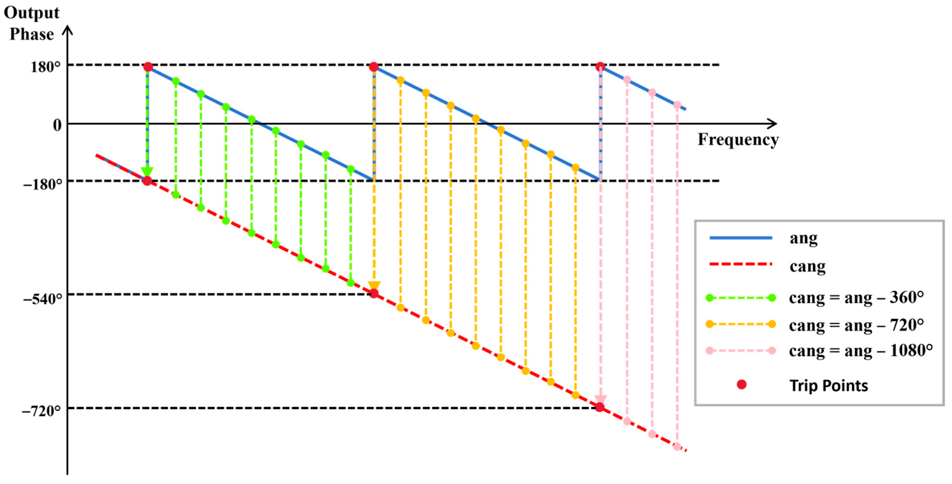 Figure 2. Depiction of relationship between angular (ang) and cumulative angular (cang) representations in phase–frequency responses of NLC-based phase shifters.
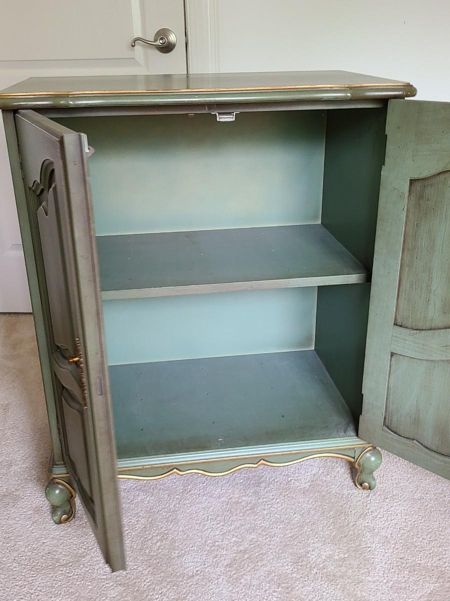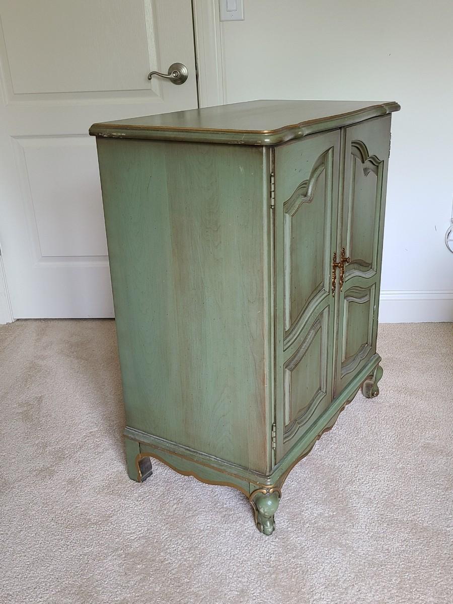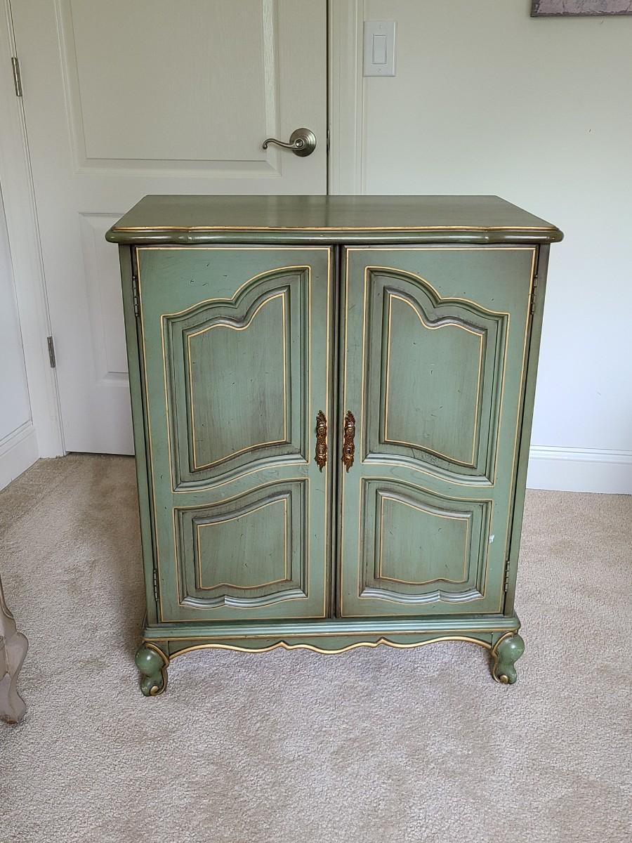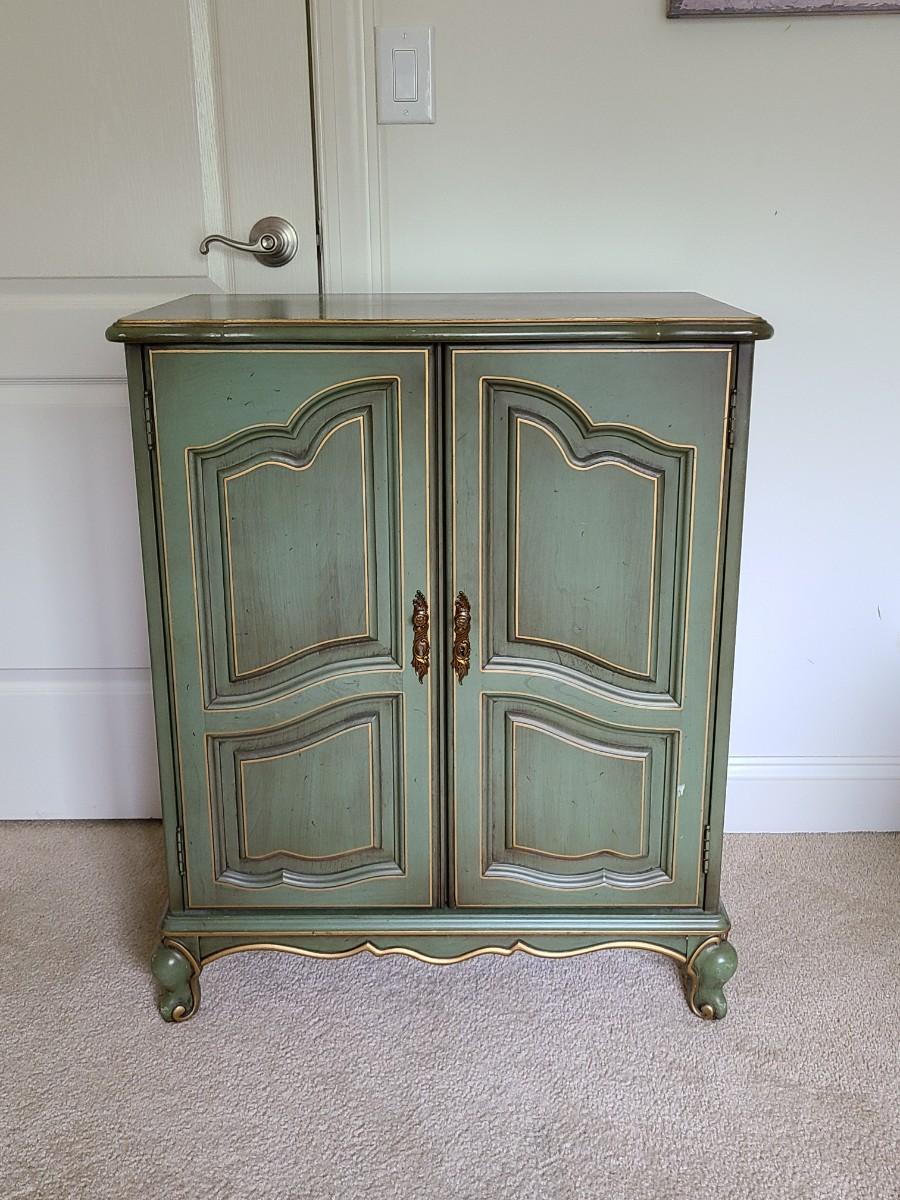 Great sage green vintage cabinet with gold accent trim. Can be used in any room in the home! Perfect as is, or upcycle. Please see all pictures as they are the best representation of the items. The pictures show condition, measurements if taken, and what is included in the lot. Due to the large amount that we photograph and the time frame, we are not always able to take measurements. All items unless noted, are pre-owned and have been used. If you purchased furniture, you must bring help. We do not allow one person to carry large furniture out on their own. Bring help, tools and a truck for the safety of our client’s homes, and your personal safety. Any damages that result to the property including walls, and floors due to moving of the furniture will be charged to the buyer. Company policy. Thank you.
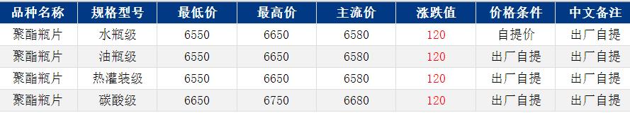 华东聚酯瓶片收于6580元/吨,涨跌值120元/吨,原油及原料继续上行,成本推动下,聚酯瓶片工厂报价多上调100元/吨,重心明显上行。场内低价货源消失,且出货价格变动较快,3月货源商谈6550-6650元/吨,递盘6540-6570元/吨,或期货合约2605+80。
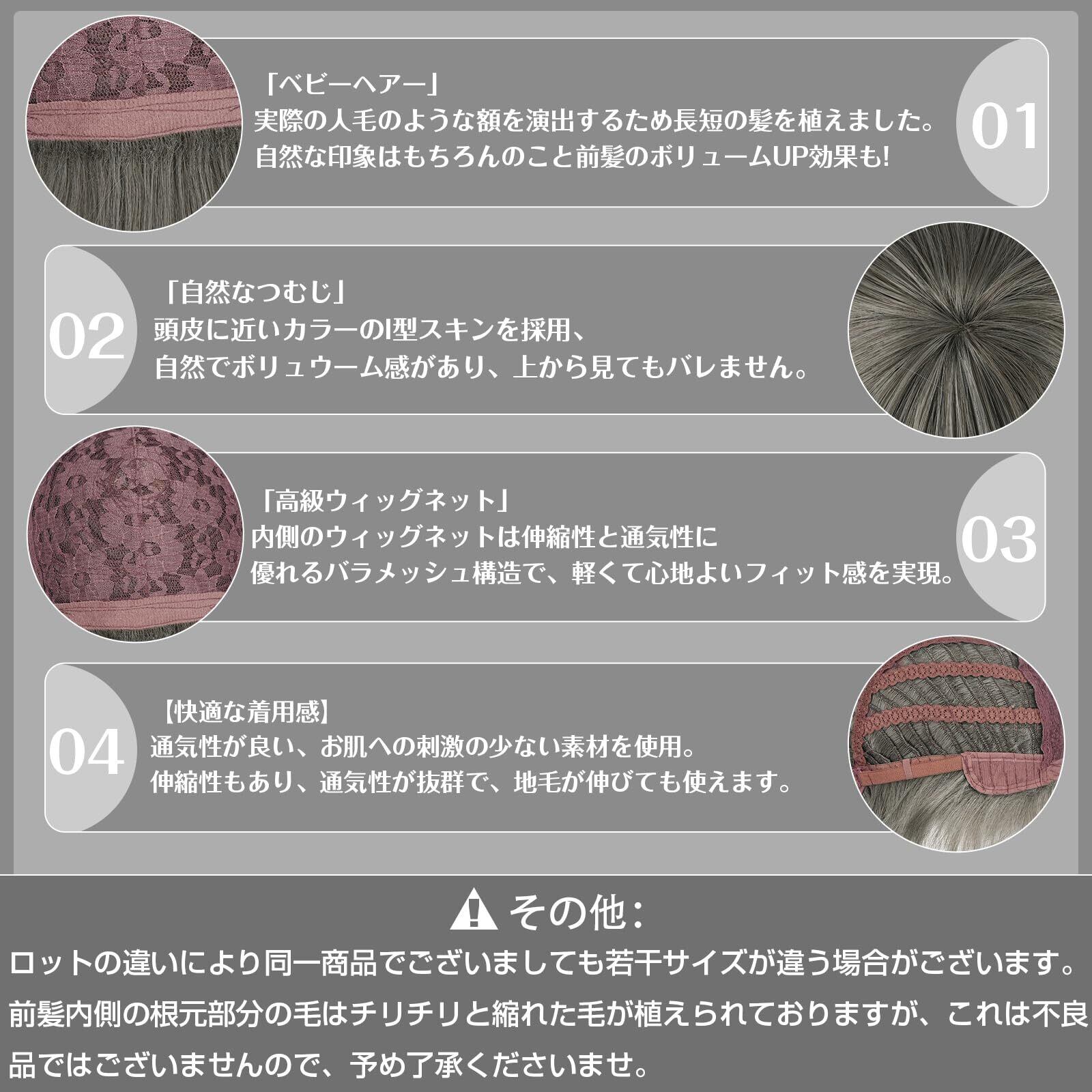 ❀商品特徴:ふんわり張り付かない前髪のふかし加工、前髪の根元に短い毛をいれた「ふかし加工」で、額に張り付かずふんわり!高級なファイバーでウィッグ特有のテカリがなく、自然感たっぷり。分け目は人工頭皮(スキン)付きなので、上から見られてもとっても自然。分け目で髪型の印象も変わり、簡単にイメージチェンジ。アジャスター付きなので、個々の頭の大きさに合わせて段階調節することができる!
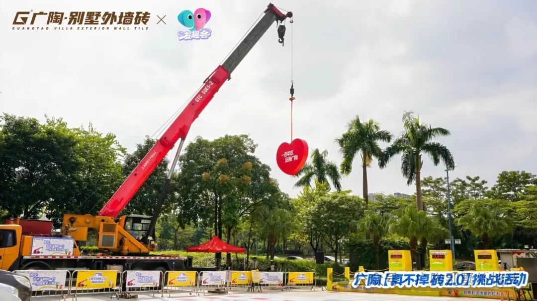 现场用大型吊车装置测试广陶超韧弹性瓷砖百粘胶的粘合力,观众可近距离观摩实验过程,还能在吊车直播打卡区拍照留念,感受广陶产品的硬核实力,凭此还可获得一次盖章。
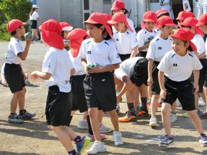 朝練習 1・2年生玉入れ
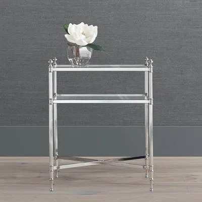 Classic finials, reeded legs, beveled glass and an X-shaped stretcher create a piece with timeless design and limitless uses. Our Frontgate Resort Collection End Table functions beautifully as an end table in the living room or nightstand in the bedroom. Choose a Chrome or Satin brass finish for the iron frame.Part of the Frontgate Resort Collection Iron frame. Chrome or Satin Brass finish. Tiered tempered beveled glass. Adjustable feet for leveling. Coordinates with the Frontgate Resort Collection Bath Furnishings. Assembly required. A Frontgate exclusive.At Frontgate, our primary focus is quality. We guarantee that every product we sell will stand up to the supreme test our customers satisfaction. To learn more about our policies, visit our Shipping & Processing, Returns & Exchanges and Warranty & Price Guarantee pages.

········

◆ **Problem details**
Please write out exactly the lines starting at the one that contains "朝練習 1・2年生玉入れ" and ending with the final line of the entries, both ends included. Do not write out any pictures.

◆ **Result for this task**
 朝練習 1・2年生玉入れ
 Classic finials, reeded legs, beveled glass and an X-shaped stretcher create a piece with timeless design and limitless uses. Our Frontgate Resort Collection End Table functions beautifully as an end table in the living room or nightstand in the bedroom. Choose a Chrome or Satin brass finish for the iron frame.Part of the Frontgate Resort Collection Iron frame. Chrome or Satin Brass finish. Tiered tempered beveled glass. Adjustable feet for leveling. Coordinates with the Frontgate Resort Collection Bath Furnishings. Assembly required. A Frontgate exclusive.At Frontgate, our primary focus is quality. We guarantee that every product we sell will stand up to the supreme test our customers satisfaction. To learn more about our policies, visit our Shipping & Processing, Returns & Exchanges and Warranty & Price Guarantee pages.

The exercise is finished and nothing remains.